Break of Market Structure (BULLISH REVERSAL)

From the chart shown above, we see how a bullish move trended so successively until a major pullback occurred with price breaking below the previous low and setting out on a new trend. There was a strong transfer of control from buyers to sellers in the Step Index market and as a result, the price started plummeting until it broke the low to give us a downward movement.

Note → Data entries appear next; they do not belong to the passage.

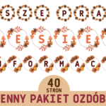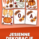 Jesienny pakiet dekoracji nr 2 do sali przedszkolnej i szkolnej. Kolorowe ozdoby z motywami jesieni — liście, grzyby, owoce.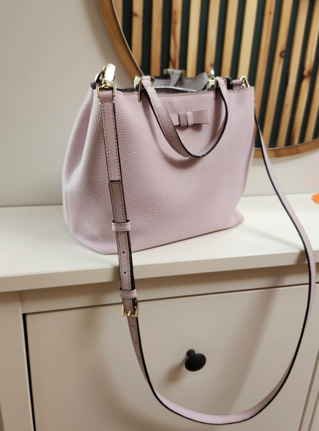 Lovely light purple leather handbag. Features two top handles and a detachable shoulder strap. Gold-toned hardware accents. Zip closure. Interior pockets.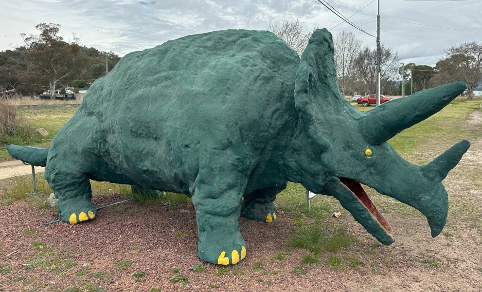Back on the main road we stopped at The Big Dinosaur in Ballandean. This triceratops started it’s life in 1998 on a float during the Apple and Grape Harvest festival and found a permanent home at the station. It seems like this triceratops had a recent pedicure.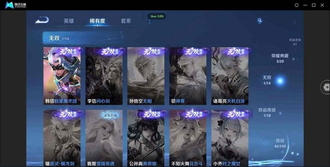 3典藏/6星传说/群星艺术团/怪盗基德/46传说//18个性按键/米莱迪孙权司空震嬴政刘邦达摩全皮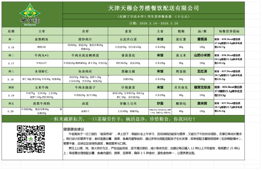 因天气、市场原材料供应变化,可能会出现菜谱细微调整。具体用餐情况以当天实际送餐情况为准。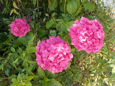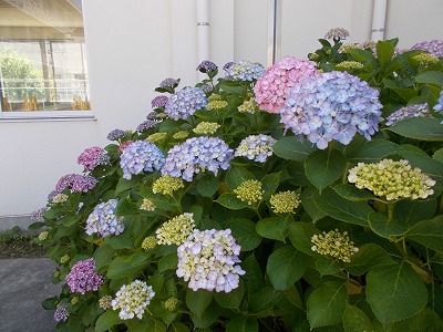 校庭のアジサイがとてもきれいに花を咲かせています。赤や青、紫など、様々な色のアジサイが目を楽しませてくれます。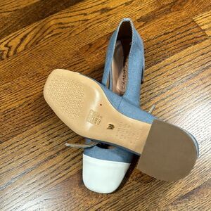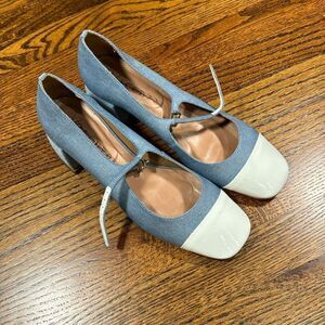 Anthropologie Vicenza Blue White Textile Buckled Strappy Mary Janes Chunky Heels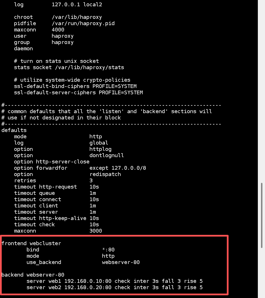 vim /etc/haproxy/haproxy.cfg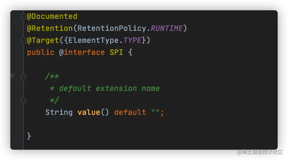 @SPI 注解有一个 value 属性值,用于指定默认的扩展名称。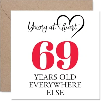 69th Birthday Cards for Men Women Young at Heart Happy Card 69 Year Old Man Woman Sister Neighbour Uncle Grandma, 145mm Bday Greeting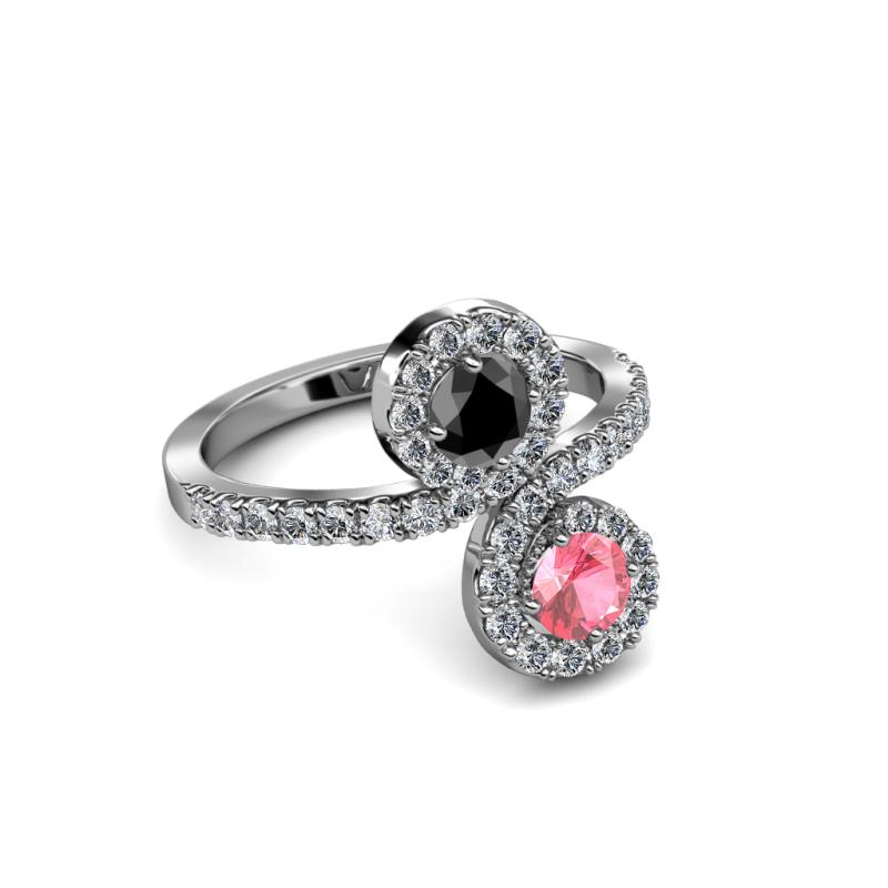Pink Tourmaline and Black Diamond 2 Stone with Side Diamonds Womens Bypass Engagement Ring 1.27 ctw 14K White Gold More Details ...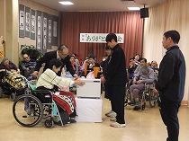12月20日 忘年会でホールでの食事会。いつもと違う雰囲気の中、だるまの目入れを行いおなかいっぱい食事を楽しまれました。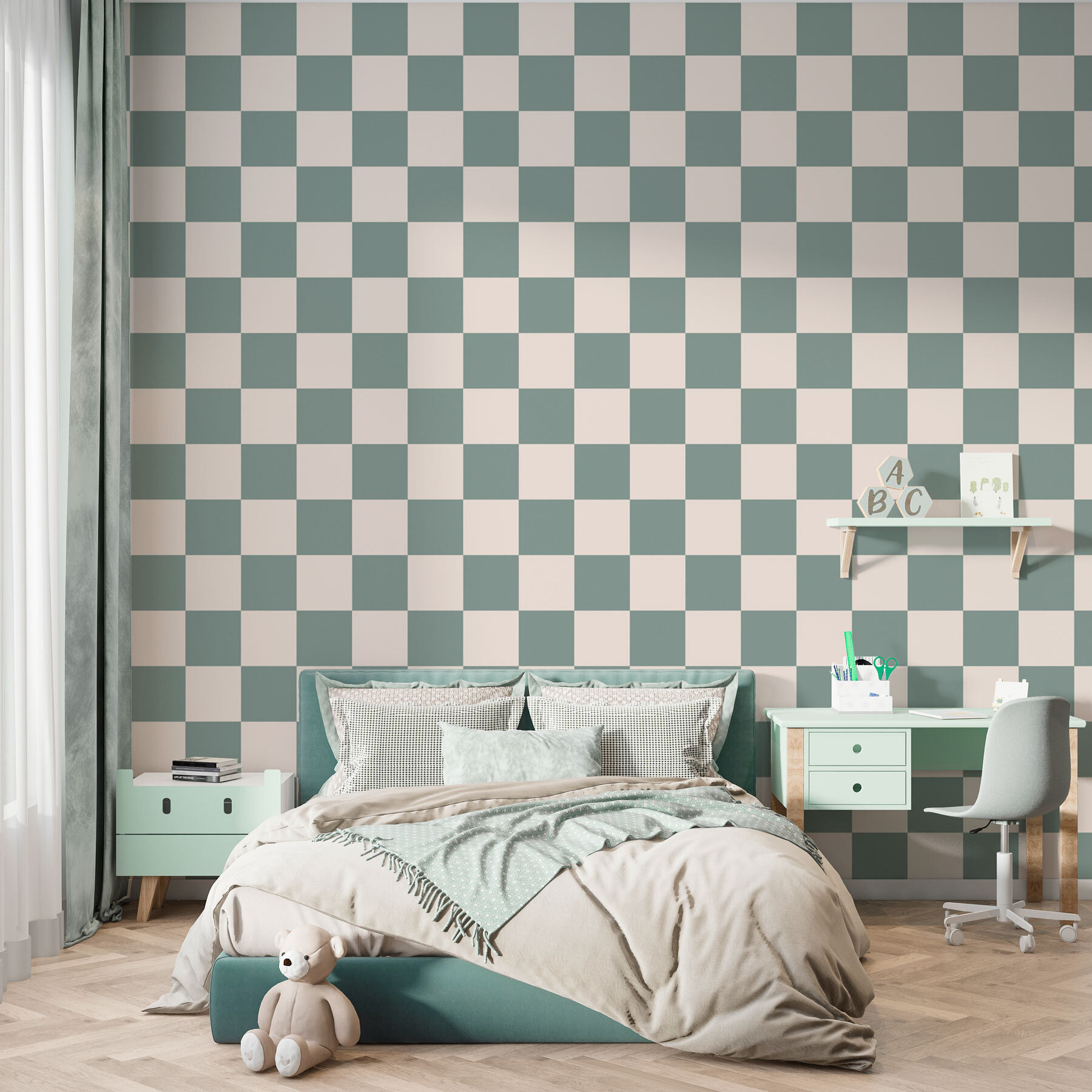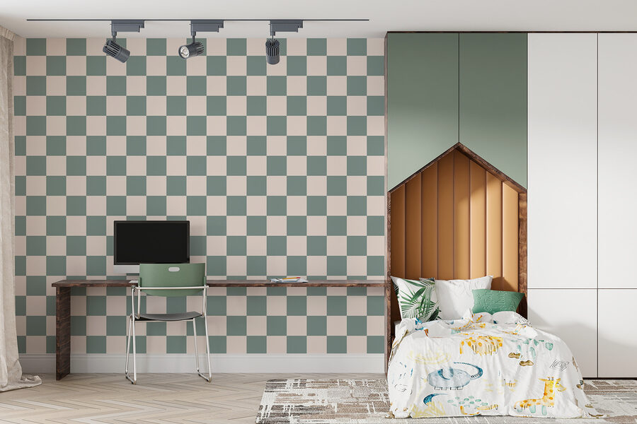 Transforme cualquier pared en un deleite visual con este divertido mural que presenta un patrón de cuadrados. Es como un mantel retro, atractivo y acogedor. Imagínatelo: entra en una habitación y siéntete como en casa al instante, todo gracias a ese divertido diseño que capta la luz a la perfección.

A bearish reversal on the other hand is also of like manner but this time an inverse or opposite of the bullish reversal. As shown in the chart below, the bearish reversal of Step Index in a 30min timeframe shows price forming lower highs (LH) and lower lows (LL) until the market reversed significantly and failed to create a new low. This signals the inability on the part of the sellers to keep up with the trend and create more successive lower highs and lower lows. This indication of a change in trending power was established by the bearish trend reversal and hence, a transition from a bearish trend to a bullish trend.

image.png

Break of Market Structure (BEARISH REVERSAL)

B. BREAK OF TRENDLINE

The power of trend line is a dead-simple strategy to use in easily detecting swing highs and swing lows in a trending market. Using this reversal indicator, you can easily pinpoint with precision high probability entry levels and capture maximum profits with ease. It is a technical analysis instrument intended for detecting resistance and support levels in the market. Talking of resistance and support in a market, drawing a trend line for a downtrend can simply be conducted by connecting successive lower highs known as resistance together to identify key entry levels. Likewise, higher lows are connected in a downtrend (support) to identify opportunities and key entry levels at an increasingly higher trend.

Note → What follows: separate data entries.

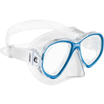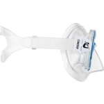 Smaller version of the PERLA mask, suitable for women and young people. This mask has separate lenses, a skirt edge that adapts to most faces and a small inner volume, perfect for free-divers. The skirt is made from soft hypoallergenic transparent silicone. The visibility provided by the double lens and the unusual shape of the frame extends in all directions. Excellent seal on many face types. Quick-release strap buckles.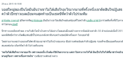 เวงเกอร์ ย้ำ..ไม่เคยเสียใจที่ปฏิเสธคว้าตัว อาซาร์ ทั้งที่มีโอกาสก่อนเชลซีมาก..!!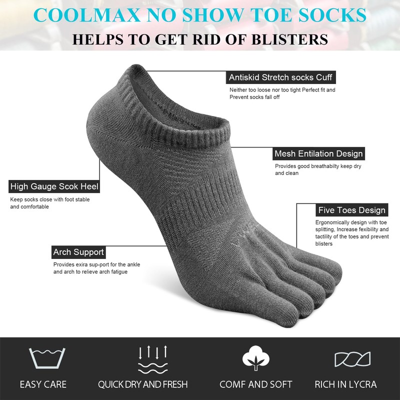 - Five Toe Design: With an unique 5 toe design, lightweight No show toe socks for men allow every toe to relax freely, which effectively prevent blistering caused by friction, giving you best comfort when you are running, climbing or training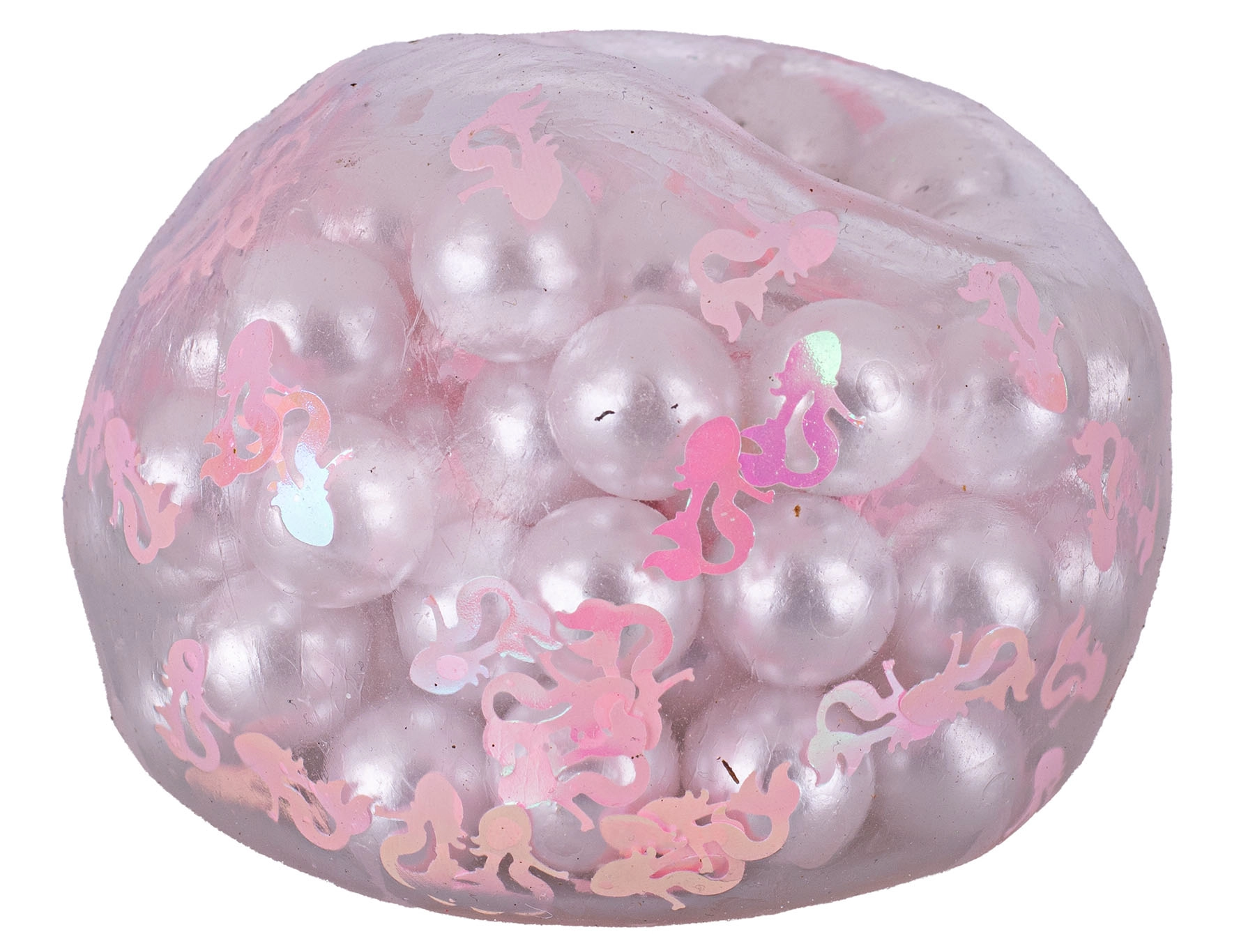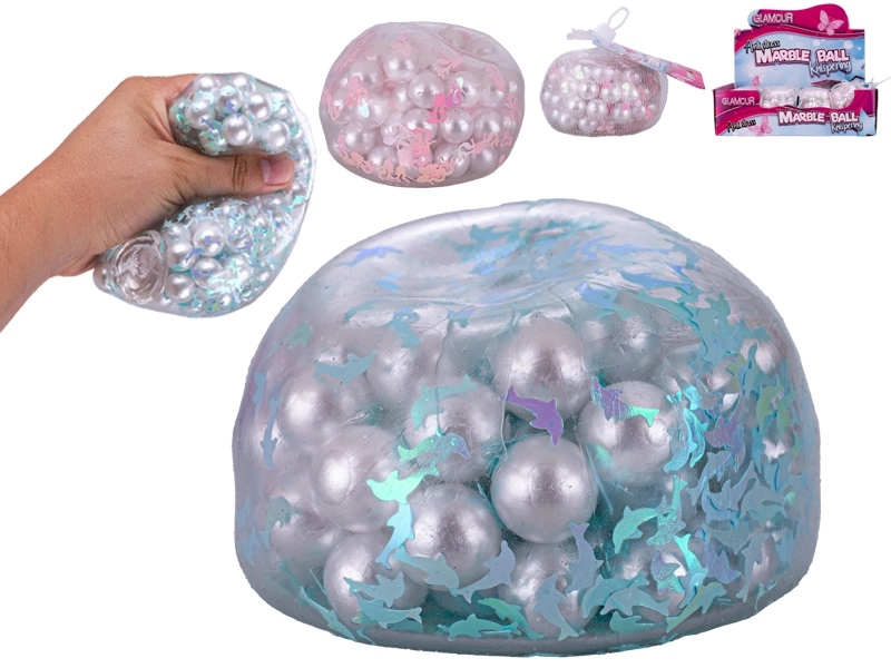 Glamour antistresový míček potěší děti i dospělé. Třpytivé provedení a tři atraktivní motivy – srdíčka, delfíni a mořské panny – z něj dělají zábavnou a zároveň uklidňující pomůcku pro každodenní hraní i relaxaci. Při stlačení se křupající kuličky uvnitř přesouvají, lehce praskají a vytvářejí příjemný zvuk, který pomáhá soustředění i relaxaci.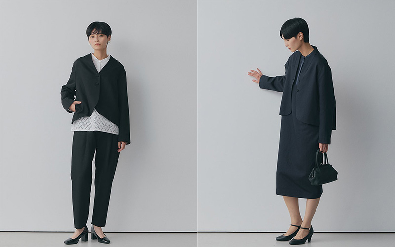 「中川政七商店のセミフォーマルシリーズでは、毎年お客様から届く様々なお声も参考にしながら開発しています。そのなかで、スタイルが良く見える、少しだけ細めのシルエットのご要望にお応えできたらと思い作ったのが、今回のシリーズです。小柄な方で、ワンピースが少し大きいという場合には、ジャケットとセットアップでスカートを着用していただければと思います。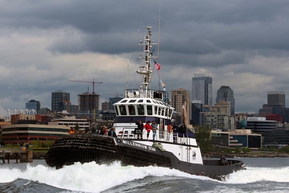 Her electrical service is provided by two, 105kW generator sets. Driven by two, Caterpillar 3304 BT diesel engines. The tug's capacities are 91,000 gallons of fuel, 7,000 gallons of water, 1,200 gallons of lube oil, and 450 gallons of hydraulic oil.

However, it can also be efficiently used to check for price reversal and work on the setup of breakouts that occur on the line. Breakouts that do occur on trend lines can however be a strong breakout, breakout, and retest, or a fake breakout.
These patterns nevertheless, birth invalidation on these lines and can be used to know whether it is a major pullback or simply just a pullback for a trend continuation.

Taking a look at the current movement for Step Index on the 1-hour timeframe, we see price moving to the trend line drawn above it. However, with a continuous movement of the price in a plummeting move, a second trend line drawn to connect minor resistance got invalidated in the process and we tend to see a price change and then a move up.

image.png

Break of Trend line (Bearish Reversal)

Above is a trend line depicting a downward movement and also a major pullback indicating a change in trend.

image.png

Sellers took over this market from buyers and as result, the price broke the trendline and the market starts in a downward motion.

C. DIVERGENCE

Divergences are another main trend reversal pattern traders can always make use of in detecting the possibility of a pullback occurring.

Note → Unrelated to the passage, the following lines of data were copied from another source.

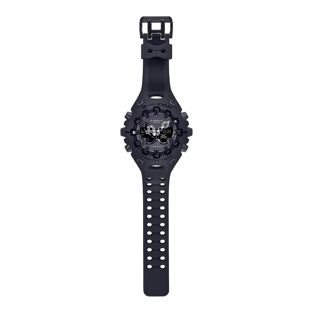 Casio G-Shock GA-V01-1AER jsou novým sportovním modelem rozšiřujícím řadu G-Shock. Model GA-V01 se vyznačuje organickým tvarem s ostře definovanými hranami, v kombinaci s netradičními výřezy pro LCD displej a zmínit je třeba také prořezávané ručky Shock Release Hand. Svým nápadně inovativním a originálním designovým konceptem vyzařuje model GA-V01 odolnost typickou pro G-SHOCK a znovu potvrzuje zaměření značky na výzvy.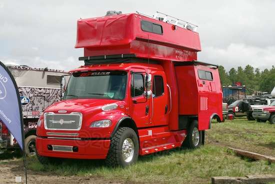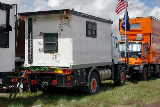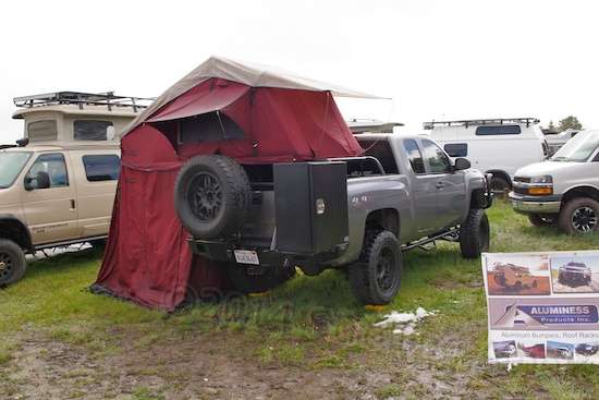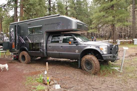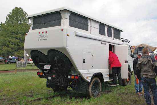 A Sportsmobile 4x4 in the campground, not the show. Sportsmobile was present as a vendor, and they have an enthusiastic following. That rear bumper and storage is by Aluminess.
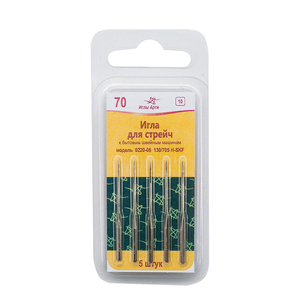 Иглы для швейных машин № 70, ткани стрейч, 5 шт, диаметр 0,7 мм, Арти интересное: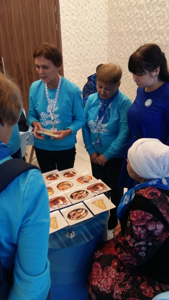Наставник проекта – «серебряный» волонтер, руководитель волонтерского отряда «Палитра», к.п.н., доц. кафедры теорий и методик начального образования БГПУ им. М. Акмуллы Екатерина Савельева  совместно с «серебряным» волонтером делегации Республики Башкортостан Лялей Абубакировой провели игру-лото «Национальные кухни Башкортостана». Участники мероприятия играли в лото, сочиняли загадки, развивали тактильные  ощущения. В играх приняло участие 25 человек, из них 24 - с нарушением зрения.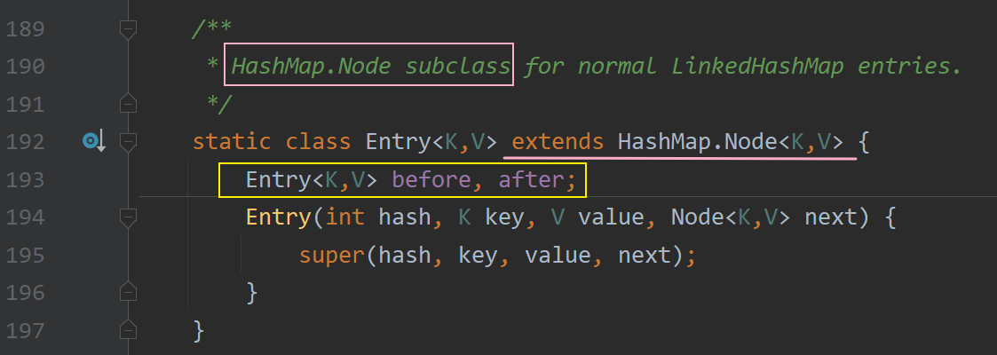 同时要注意,Entry内部类中定义了before和after属性,即我们在上文"LinkedHashSet的底层实现"中提到的——before指向双向链表的前一个结点,after指向双向链表的后一个结点,从而实现双向链表。

Divergences form whenever signals are mixed between initial price action and an indicator confirmation.

This is usually known whenever market structure forms a lower low pattern for example and let's say the RSI or the ADX indicator goes on to form a higher high. This difference in the pattern shown by the price action and the indicator creates a divergence which signals a trend pullback in the market.

BULLISH DIVERGENCE

This occurs when an indicator signifies an uptrend by forming a higher high, but the price pattern signifies a downward movement forming a lower low.

This is how bullish divergence is mostly formed on charts and can also be used to detect when reversals are bound to happen.

An example of a bullish divergence is shown below.

image.png

BEARISH DIVERGENCE

A bearish divergence occurs when an indicator shows a higher high formation but the price pattern moves in an upward movement forming a higher high.

This shows a loss of momentum in the current upward movement giving way for sellers to come into the market and take over.

An example of a bearish divergence is shown in the chart below.

image.png

D. DOUBLE TOPS AND DOUBLE BOTTOM

DOUBLE TOPS

Double tops are reversal patterns that got their name from the market creating two upswings at similar price levels before reversing the trend. Weakness on the part of buyers makes the market fall to produce a new high higher than the preceding high but come back to touch that same level before reversing into a new trend.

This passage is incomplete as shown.